Compressing Tabular Data via Latent Variable Estimation

TL;DR

This paper presents a lossless compression method for tabular data that estimates latent variables, partitions data, and applies sequential coding, outperforming classical methods in achieving optimal compression rates.

Contribution

Introduces a novel latent variable-based compression algorithm for tabular data with theoretical analysis and empirical validation, outperforming classical schemes.

Findings

The proposed method achieves the optimal entropy rate.

Classical schemes like Lempel-Ziv do not reach the optimal rate.

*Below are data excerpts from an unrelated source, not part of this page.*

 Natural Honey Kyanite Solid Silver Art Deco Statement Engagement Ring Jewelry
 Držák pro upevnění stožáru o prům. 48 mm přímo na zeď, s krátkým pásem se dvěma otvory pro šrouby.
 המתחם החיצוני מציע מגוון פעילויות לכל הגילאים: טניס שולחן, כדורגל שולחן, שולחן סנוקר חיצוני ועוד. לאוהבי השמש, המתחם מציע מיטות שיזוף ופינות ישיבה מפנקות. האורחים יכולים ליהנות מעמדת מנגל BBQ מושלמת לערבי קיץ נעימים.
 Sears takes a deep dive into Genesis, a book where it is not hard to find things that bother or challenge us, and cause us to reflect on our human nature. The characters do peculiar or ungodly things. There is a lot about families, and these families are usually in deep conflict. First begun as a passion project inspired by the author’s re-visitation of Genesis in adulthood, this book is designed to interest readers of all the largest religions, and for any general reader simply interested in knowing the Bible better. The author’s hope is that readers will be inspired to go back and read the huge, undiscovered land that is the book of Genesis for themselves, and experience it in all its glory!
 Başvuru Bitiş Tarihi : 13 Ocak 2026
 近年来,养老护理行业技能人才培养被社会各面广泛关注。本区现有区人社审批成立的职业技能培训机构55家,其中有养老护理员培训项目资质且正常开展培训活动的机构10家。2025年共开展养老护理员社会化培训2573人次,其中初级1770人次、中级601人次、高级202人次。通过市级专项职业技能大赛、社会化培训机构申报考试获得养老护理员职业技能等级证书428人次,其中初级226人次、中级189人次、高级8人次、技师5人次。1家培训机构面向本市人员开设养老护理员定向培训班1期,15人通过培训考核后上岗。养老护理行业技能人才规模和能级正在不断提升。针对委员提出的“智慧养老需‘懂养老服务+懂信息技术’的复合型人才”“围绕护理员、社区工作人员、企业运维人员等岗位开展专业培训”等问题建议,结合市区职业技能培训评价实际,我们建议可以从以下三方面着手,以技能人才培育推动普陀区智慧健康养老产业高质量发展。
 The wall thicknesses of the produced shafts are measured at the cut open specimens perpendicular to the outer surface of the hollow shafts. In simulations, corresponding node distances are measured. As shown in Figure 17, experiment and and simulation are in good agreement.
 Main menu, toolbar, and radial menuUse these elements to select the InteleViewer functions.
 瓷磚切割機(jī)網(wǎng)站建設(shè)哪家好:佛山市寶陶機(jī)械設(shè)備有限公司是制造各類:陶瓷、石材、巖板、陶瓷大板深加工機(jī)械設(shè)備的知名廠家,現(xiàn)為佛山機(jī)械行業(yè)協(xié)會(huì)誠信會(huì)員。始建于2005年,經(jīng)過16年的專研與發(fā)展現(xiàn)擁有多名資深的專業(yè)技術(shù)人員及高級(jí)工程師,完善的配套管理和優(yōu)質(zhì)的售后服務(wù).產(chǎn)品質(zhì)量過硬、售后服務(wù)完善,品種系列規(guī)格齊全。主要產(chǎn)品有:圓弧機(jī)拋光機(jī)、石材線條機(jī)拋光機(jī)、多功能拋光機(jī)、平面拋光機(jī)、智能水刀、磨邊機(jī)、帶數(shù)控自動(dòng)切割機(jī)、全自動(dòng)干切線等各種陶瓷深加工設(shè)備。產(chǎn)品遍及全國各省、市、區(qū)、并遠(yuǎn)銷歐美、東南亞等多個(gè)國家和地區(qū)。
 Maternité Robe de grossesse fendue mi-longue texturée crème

The model satisfies an asymptotic equipartition property.

Abstract

Data used for analytics and machine learning often take the form of tables with categorical entries. We introduce a family of lossless compression algorithms for such data that proceed in four steps: $(i)$ Estimate latent variables associated to rows and columns; $(ii)$ Partition the table in blocks according to the row/column latents; $(iii)$ Apply a sequential (e.g. Lempel-Ziv) coder to each of the blocks; $(iv)$ Append a compressed encoding of the latents. We evaluate it on several benchmark datasets, and study optimal compression in a probabilistic model for that tabular data, whereby latent values are independent and table entries are conditionally independent given the latent values. We prove that the model has a well defined entropy rate and satisfies an asymptotic equipartition property. We also prove that classical compression schemes such as Lempel-Ziv and finite-state encoders do not achieve this rate. On the other hand, the latent estimation strategy outlined above achieves the optimal rate.